AB 2188 reduces the ability for HOAs to increase the cost of a solar system or decrease the system’s efficiency with the following changes:
Lowers HOA allowable impact on the cost of solar hot water system from 20% to 10%, or not more than $1,000, and the efficiency of a system from 20% to 10%.
Lowers HOA impact on solar PV systems from $2,000 to $1,000 or a decrease in efficiency from 20% to 10%.
Shortens the number of days, from 60 to 45, that an applicant, seeking HOA approval, must wait for a written denial of a proposed plan.
The Office of Planning and Research published a 2014 California Solar Permitting Guidebook, including checklists and standard plans as well as recommendations for streamlined permitting that include timelines for review and inspections. These documents and recommendations are mandeted by AB 2188. CALSEIA sat on the steering committee for the Guidebook.
Solar Permitting Resources
SolarPermit.orghosts the National Solar Permitting Database, a free, online database of information related to solar permitting requirements of cities and counties across the country.
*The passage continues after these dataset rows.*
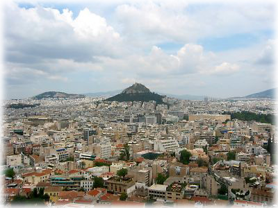 ![]() アクロポリスの丘から眺めるアテネ市内&リカヴィトスの丘。遥かかなたまで続く家々と丘のアクセントは、思わずため息をつく美しさ |
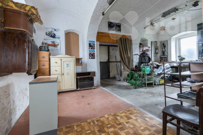 Rodinný dům s plochou 275 m² je chytře rozdělen na tři patra plná potenciálu. V přízemí najdete prostory bývalé kovárny o velikosti 85 m², které mají vstup velkými dveřmi, takže se ideálně hodí pro dílnu, sklad, garáže nebo třeba ateliér - zkrátka pro jakékoliv podnikání, které se stane vaší skvělou konkurenční výhodou. Stropy jsou vysoké více než 3 m.
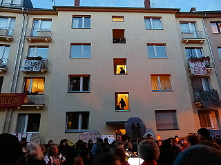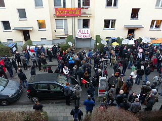 Köln, 20.2.2014 (2) - Erfolgreiche Blockadeaktion zur Abwendung der Zwangsräumung von Kalle Gerigks Wohnung in der Fontanestraße (Fotos: Klaus Franke)
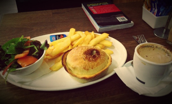 中午吃的蘑菇pie,比碗还要大,薯条足有两根手指粗~
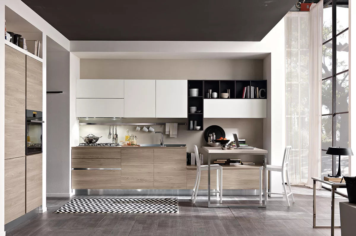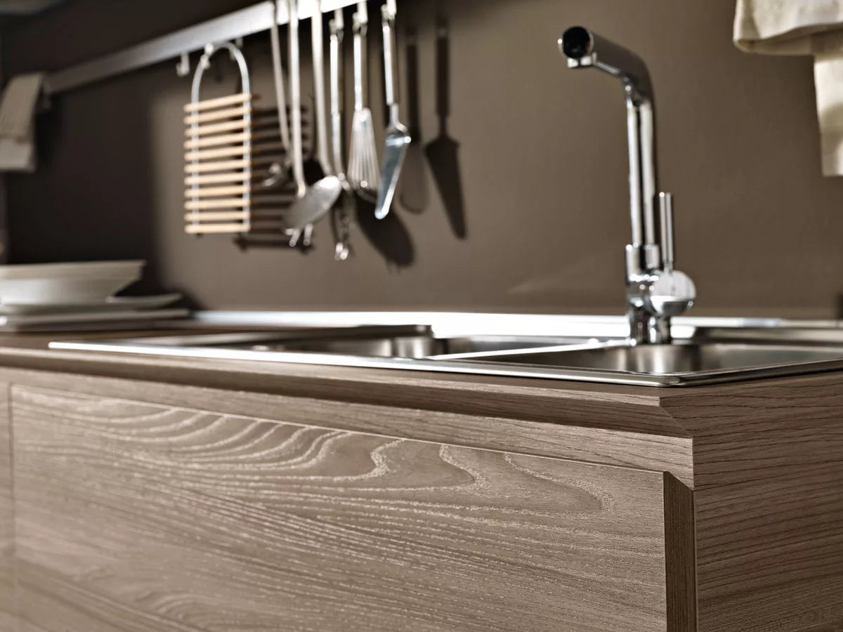 La versione Tokyo 12 esprime l’essenzialità del design minimalista in uno spazio moderno fatto di forme semplici, lineari e un open space che si adatta alle esigenze di un’ambiente attuale e ricercato. La leggerezza e la semplicità si esprimono nelle scelte cromatiche: olmo cappuccino, bianco e cioccolato nonché nei contorni delineati da finiture cromate. Tokyo non è solo cucina, ma grazie alla sua flessibilità con l’ambiente living, diventa anche spazio di convivialità per la famiglia e per gli ospiti.

Developed by Clean Power Finance and supported by a Department of Energy grant, SolarPermit.org organizes and simplifies solar permitting processes by compiling the information in a single location. Using the community-based platform, users of the database keep the information up-to-date and relevant. The project's goal is to minimize the time and resources required to and support the mass-market adoption of solar.
Solar ABC's - The Solar America Board for Codes and Standards (Solar ABCs) is a collaborative effort funded by the U.S. Department of Energy that dedicates experts to transforming solar markets by improving building codes, utility interconnection procedures, and product standards, reliability, and safety, and is part of its overall strategy to reduce barriers to the adoption of solar technologies and to stimulate market growth.